Menk’s defence of the iftar, whether he knew it or not, was completely in line with Emirati talking points. “Al Jazeera Arabic gave the function a feisty false title and lied that the idea was to normalize things, when it was definitely a generic open iftar,” Menk said.
The facts present an entirely different picture.
The UAE’s spin
Before Al Jazeera Arabic published its article, both the Israeli government and Emirati authorities used images of Menk and Duchman to project an image of closer ties. Notably, Menk hadn’t protested. It was only once Menk was criticized for being party to an event linked to normalization that he claimed Al-Jazeera Arabic had played foul. In response, Al Jazeera Arabic told Middle East Eye the article “dealt with a public event held in Dubai that has been covered by other media organizations as well, and did not contain any content targeting any person or entity.”
Later, in his interview with me, he said he found it “upsetting that everyone is using it for their own agendas” and that he was a “victim of a photograph and perhaps a form of political jostling among nations and media houses”. But whose fault was that?
Al-Azami commented: “Being hosted by the UAE government in any capacity should be approached with considerable circumspection.

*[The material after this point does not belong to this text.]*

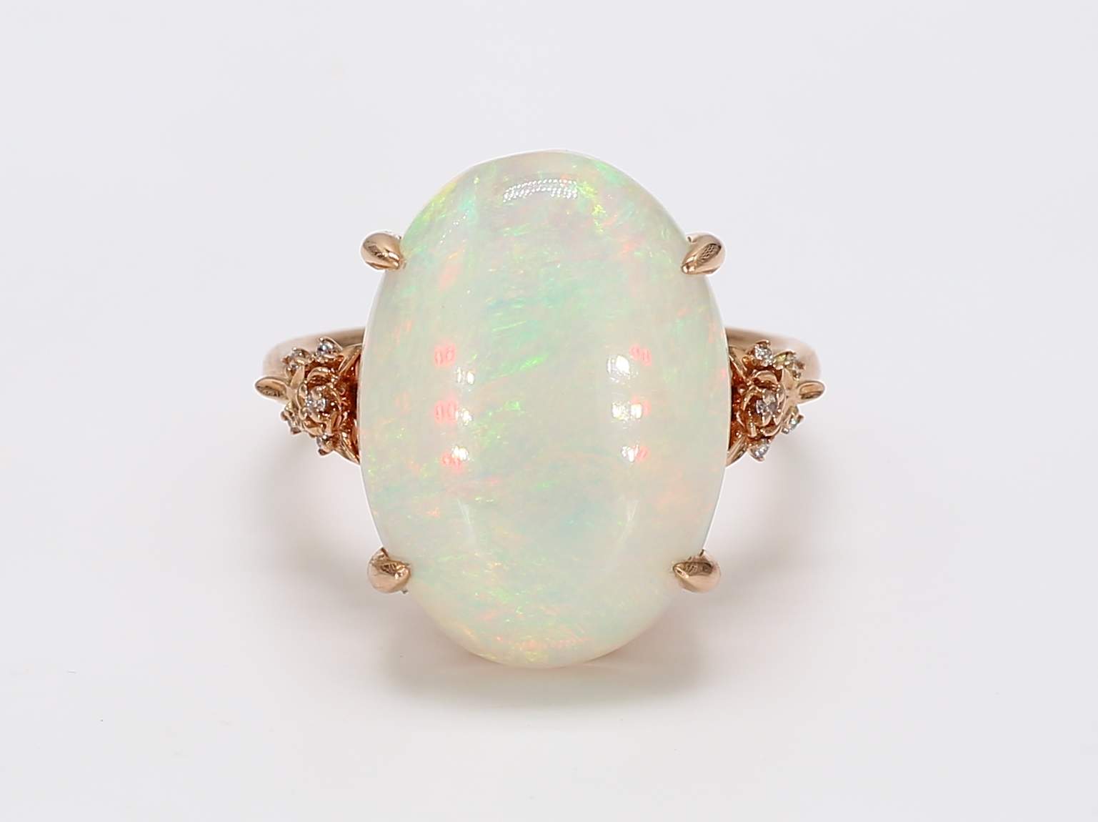 OVAL OPAL & ROUND DIAMOND 14KR RING

Unfortunately, Mufti Menk appears not to have been briefed on these aspects of the UAE’s record – a record that is too well-known to be disregarded.”
Did he feel used by the Emiratis? I put this to him. “Intentions are known by Allah,” Menk replied. “As for myself, I don’t think they used me as in for who I am, but rather for what I looked like. The photo showed a Muslim religious person meeting a Jewish religious person. I think the media, including Al Jazeera Arabic, used an image without knowing who exactly I was.”
Menk is a global figure in the so-called larger Muslim world. He shares his thoughts and prayers on a daily basis to some 8.7 million followers on Twitter. It is unlikely that the journalists at Al Jazeera Arabic did not know who he was. But for argument’s sake, let’s imagine they didn’t; it doesn’t change the facts.
Rabbi Duchman is still the Zionist facilitating normalization between the UAE and Israel. And Menk sitting next to him is immensely problematic, whether he knew it or not. His reasoning that there were people of other faiths present, or that there was no indication of any demonstration of normalization, also doesn’t hold up to scrutiny.
Why else would he say that had he known who Duchman was, or what he represented, he wouldn’t have attended?
In other words, despite his defiance, Menk appears to have realized that Duchman’s presence alone at a state-sponsored event was harmful enough. And that he played a role in lending it some gravitas.
Hours after the event, he saw how Israeli government social media accounts promoted the photos as a kind of proof that it held no animosity towards Muslims even as it attacked Palestinian worshippers at Al-Aqsa. He saw, too, how the UAE used his interaction with the Rabbi as evidence of its purported tolerance.
Unfortunately, he just can’t seem to bring himself to admit it.
And that’s a pity. Because if Muslim leaders aren’t willing to invest time into understanding the plight of their people, they don’t merely become complicit in their oppression, they normalise ignorance, too.
Azad Essa is a senior reporter for Middle East Eye based in New York City; he is the author of The Moslems are Coming (Harper Collins India) and Zuma’s Bastard (Two Dogs Books)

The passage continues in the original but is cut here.